**Required work**
Extract only the lines running from the top of the entries to the line that holds "Johnature Women Vintage". Include that line and omit the pictures.

Items listed in a dataset
==============================

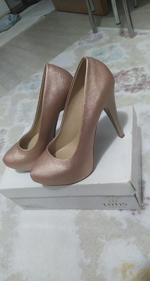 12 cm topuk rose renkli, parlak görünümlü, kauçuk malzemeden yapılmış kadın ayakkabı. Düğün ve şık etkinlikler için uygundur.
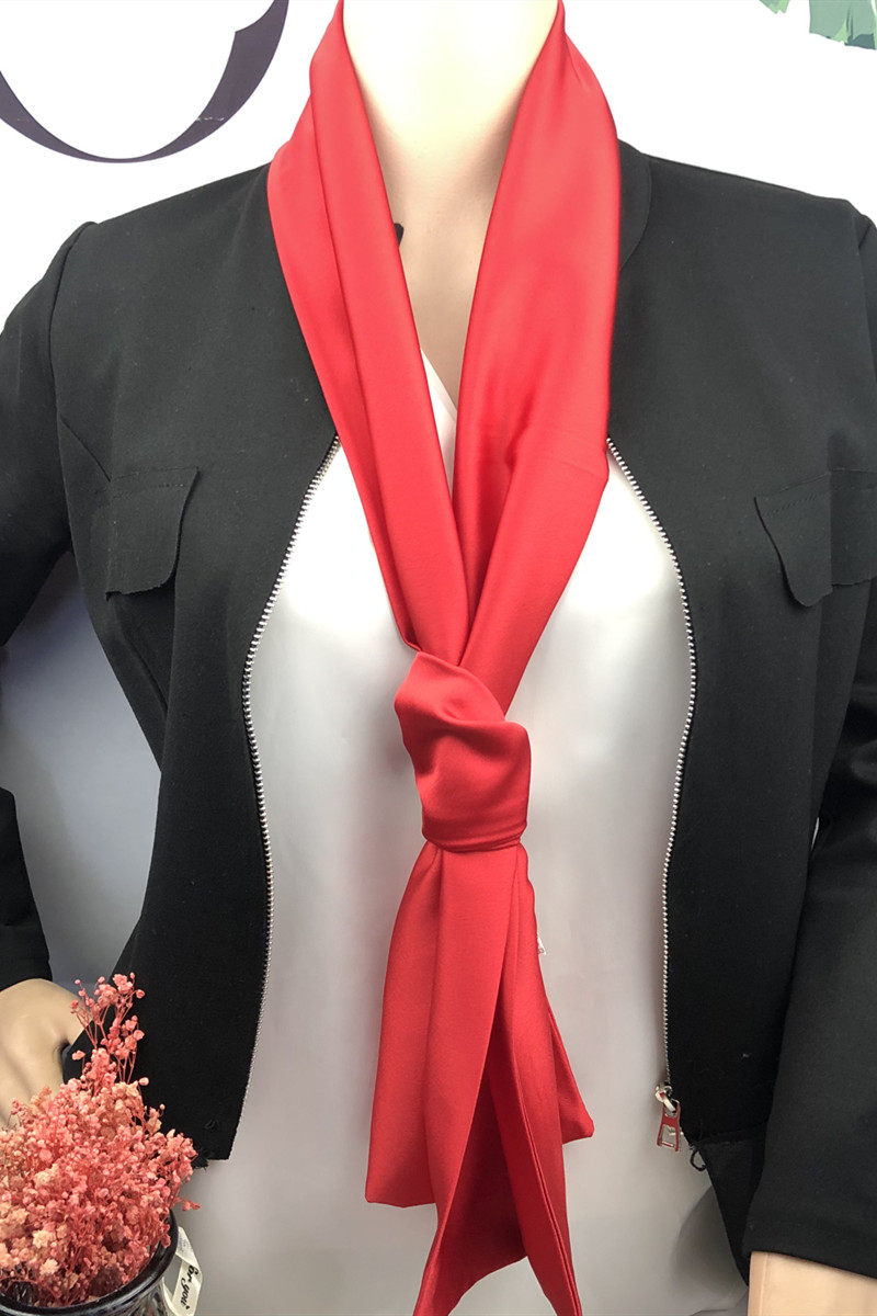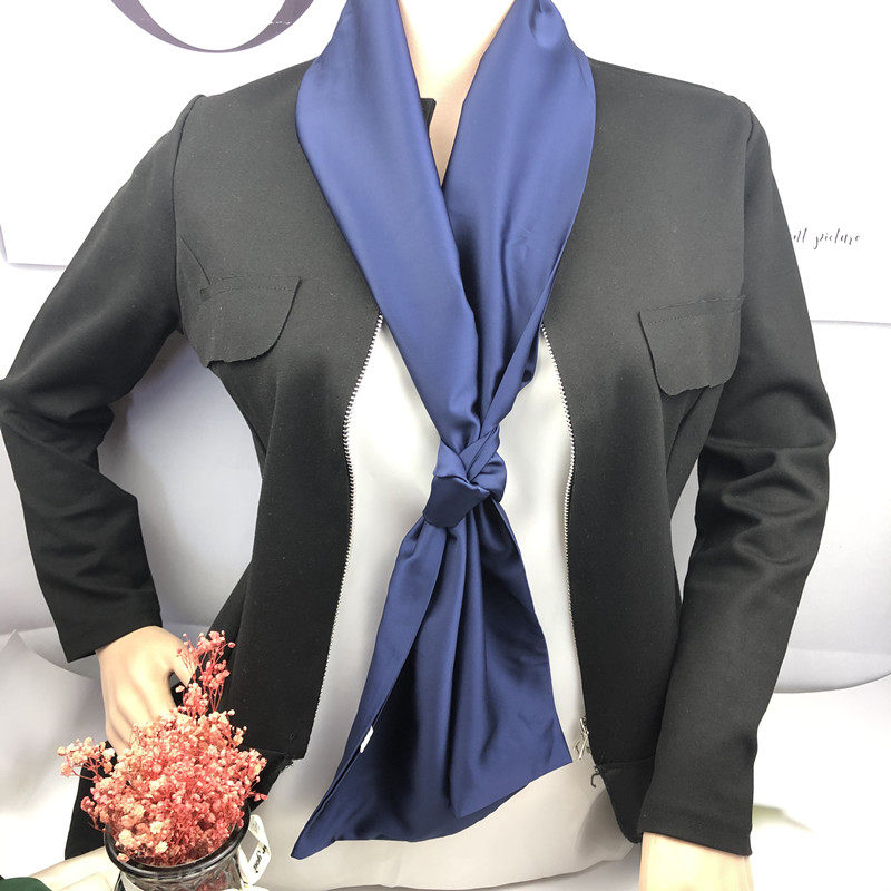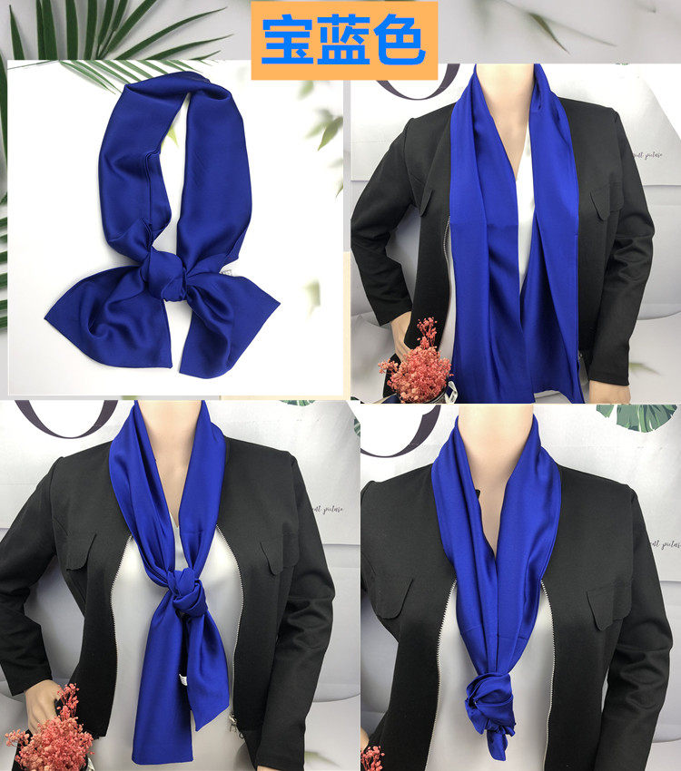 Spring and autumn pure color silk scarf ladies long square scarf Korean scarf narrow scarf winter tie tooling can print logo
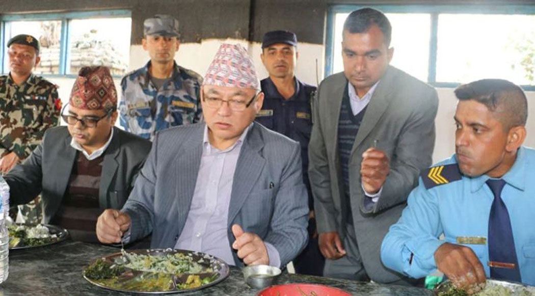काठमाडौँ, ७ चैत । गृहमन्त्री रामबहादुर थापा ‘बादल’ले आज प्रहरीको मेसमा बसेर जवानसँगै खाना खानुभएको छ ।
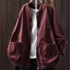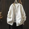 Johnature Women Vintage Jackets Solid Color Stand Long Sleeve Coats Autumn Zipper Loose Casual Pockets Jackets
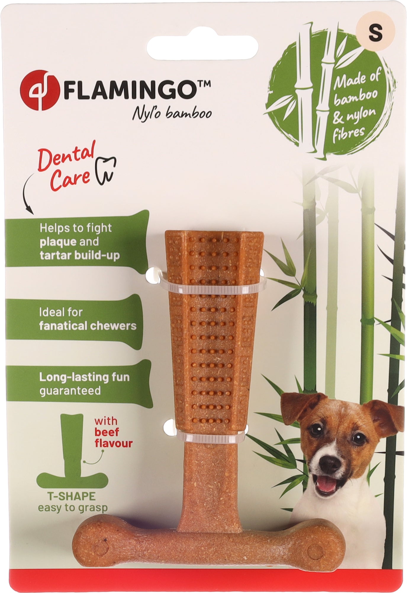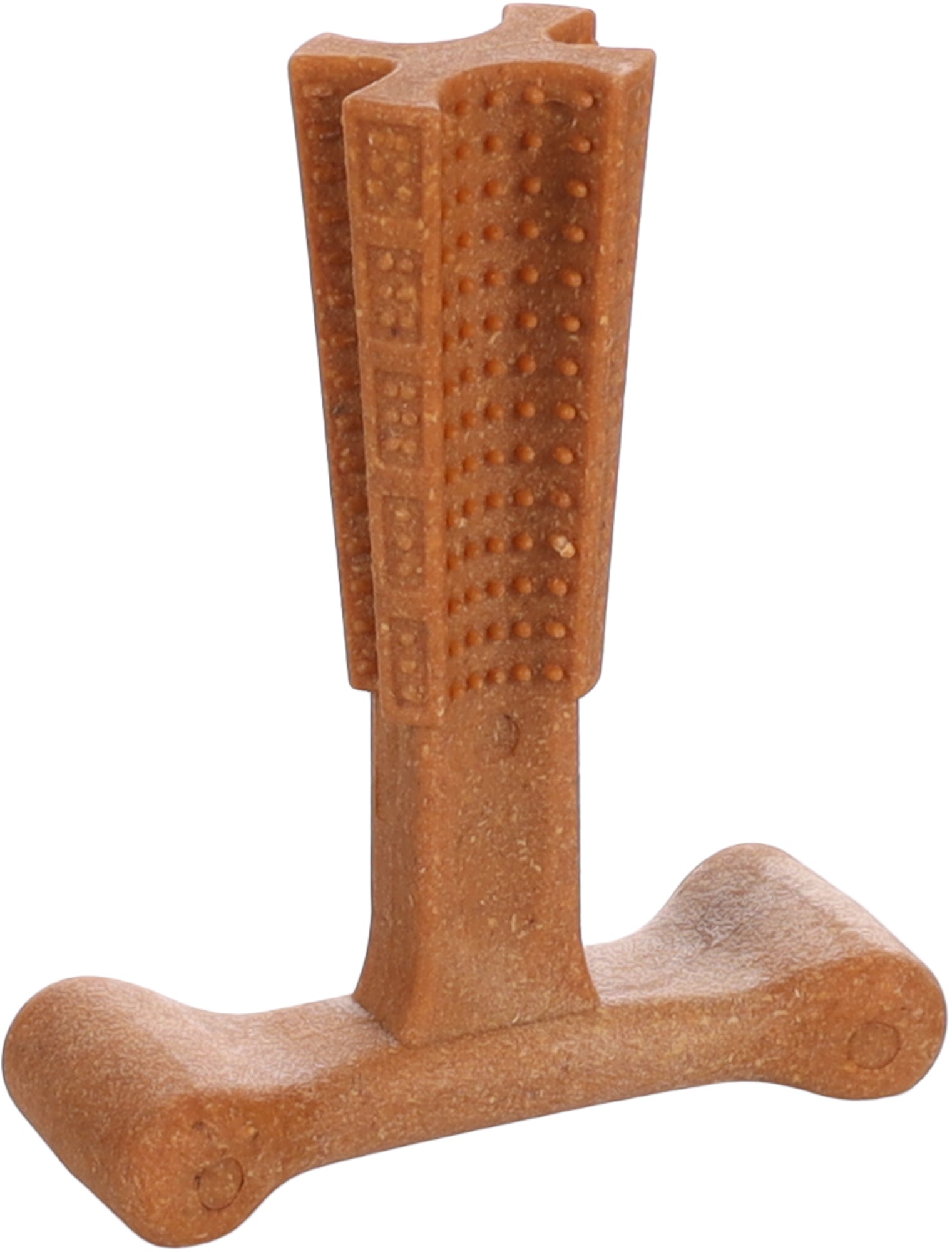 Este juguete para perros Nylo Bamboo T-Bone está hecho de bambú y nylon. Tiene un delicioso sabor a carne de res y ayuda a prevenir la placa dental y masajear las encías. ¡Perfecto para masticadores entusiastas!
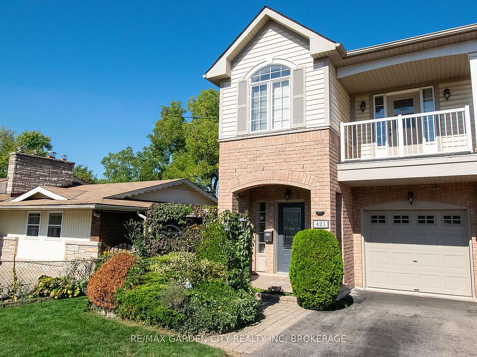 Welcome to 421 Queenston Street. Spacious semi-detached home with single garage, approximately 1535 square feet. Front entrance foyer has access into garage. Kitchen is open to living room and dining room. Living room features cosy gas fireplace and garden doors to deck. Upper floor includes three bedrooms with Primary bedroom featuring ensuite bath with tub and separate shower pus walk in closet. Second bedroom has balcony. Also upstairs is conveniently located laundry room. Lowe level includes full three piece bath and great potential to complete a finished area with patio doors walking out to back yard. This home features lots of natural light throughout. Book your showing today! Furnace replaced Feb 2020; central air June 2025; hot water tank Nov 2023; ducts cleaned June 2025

==============================

**Answer below**
 12 cm topuk rose renkli, parlak görünümlü, kauçuk malzemeden yapılmış kadın ayakkabı. Düğün ve şık etkinlikler için uygundur.
 Spring and autumn pure color silk scarf ladies long square scarf Korean scarf narrow scarf winter tie tooling can print logo
काठमाडौँ, ७ चैत । गृहमन्त्री रामबहादुर थापा ‘बादल’ले आज प्रहरीको मेसमा बसेर जवानसँगै खाना खानुभएको छ ।
 Johnature Women Vintage Jackets Solid Color Stand Long Sleeve Coats Autumn Zipper Loose Casual Pockets Jackets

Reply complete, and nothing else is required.